Kerry himself, in a speech to the Center for American Progress, noted the criticism but did not give ground.
"Make no mistake, when the people of Israel are rushing to bomb shelters, when innocent Israeli and Palestinian teenagers are abducted and murdered, when hundreds of innocent civilians have lost their lives, I will and we will make no apologies for our engagement," he said.
The coordinated pushback in Washington came amid growing U.S. frustration with Israel as Palestinian civilian casualties mount amid a sustained Israeli air and ground war in the Gaza Strip. In recent days, U.S. officials have been using subtle yet noticeably tougher language in pressing Israel to accept an immediate and unconditional humanitarian cease-fire.
The U.S. has made little progress in achieving that objective. Israeli Prime Minister Benjamin Netanyahu said in a televised speech Monday that his country must be ready for "a prolonged campaign" against Hamas in Gaza.

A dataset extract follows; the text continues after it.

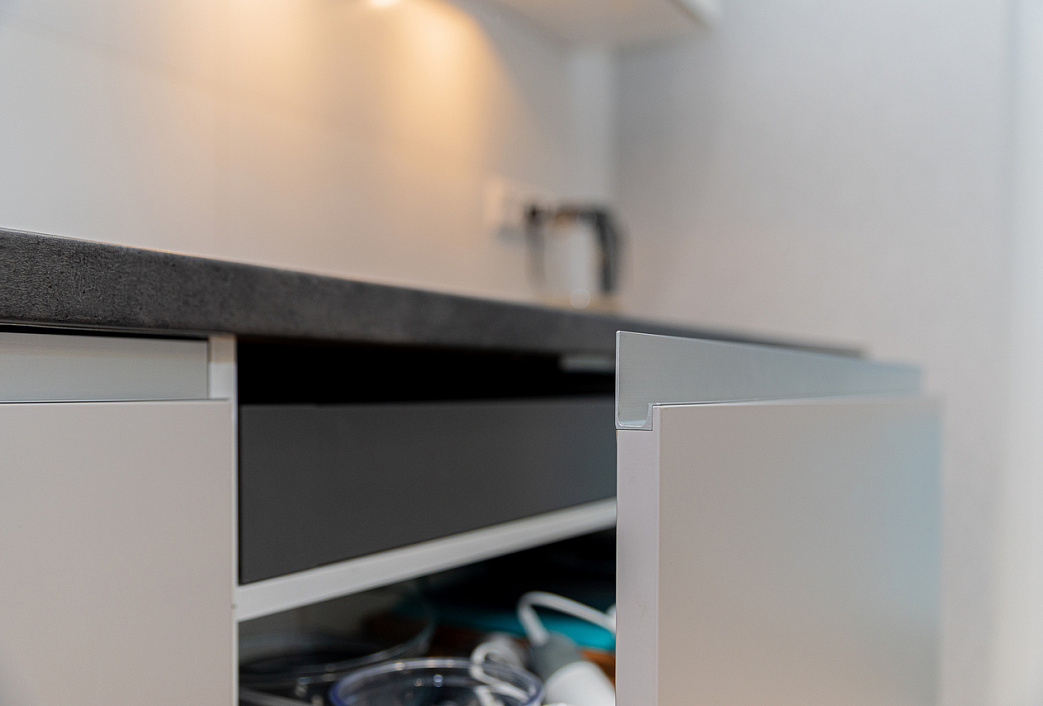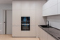 Островная кухня в скандинавском стиле с белыми матовыми фасадами с интегрированными ручками.

As Kerry returned from the region over the weekend, Israeli media commentators leveled almost nonstop criticism of his attempts to bring Qatar and Turkey — two countries viewed by Israel as strong Hamas supporters — into the cease-fire negotiations. Kerry was also accused of abandoning some of Israel's key demands during the negotiations, including demilitarizing Gaza.
In trying to implement the cease-fire over the weekend, "U.S. Secretary of State of State John Kerry ruined everything," wrote columnist Ari Shavit in Monday's Haaretz, Israel's leading liberal newspaper. "Very senior officials in Jerusalem described the proposal that Kerry put on the table as a 'strategic terrorist attack.'"
Israeli Ambassador to the United States Ron Dermer sought to distance his government from that view, saying, "The criticism of Secretary Kerry for his good faith efforts to advance a sustainable cease-fire is unwarranted."
"There is broad understanding between Israel and the United States about the principles for a sustainable cease-fire, and we look forward to continuing to work closely with the United States to advance that goal and a durable solution to the problems in Gaza," Dermer said Monday.
U.S. officials disputed the notion that Kerry had formally presented Israel a cease-fire proposal and cast the document in question as a draft given to the Israelis as part of an effort to gain their input in seeking a weeklong cessation of hostilities. Officials said the draft was based on an earlier Egyptian cease-fire proposal that Israel had accepted but Hamas had rejected.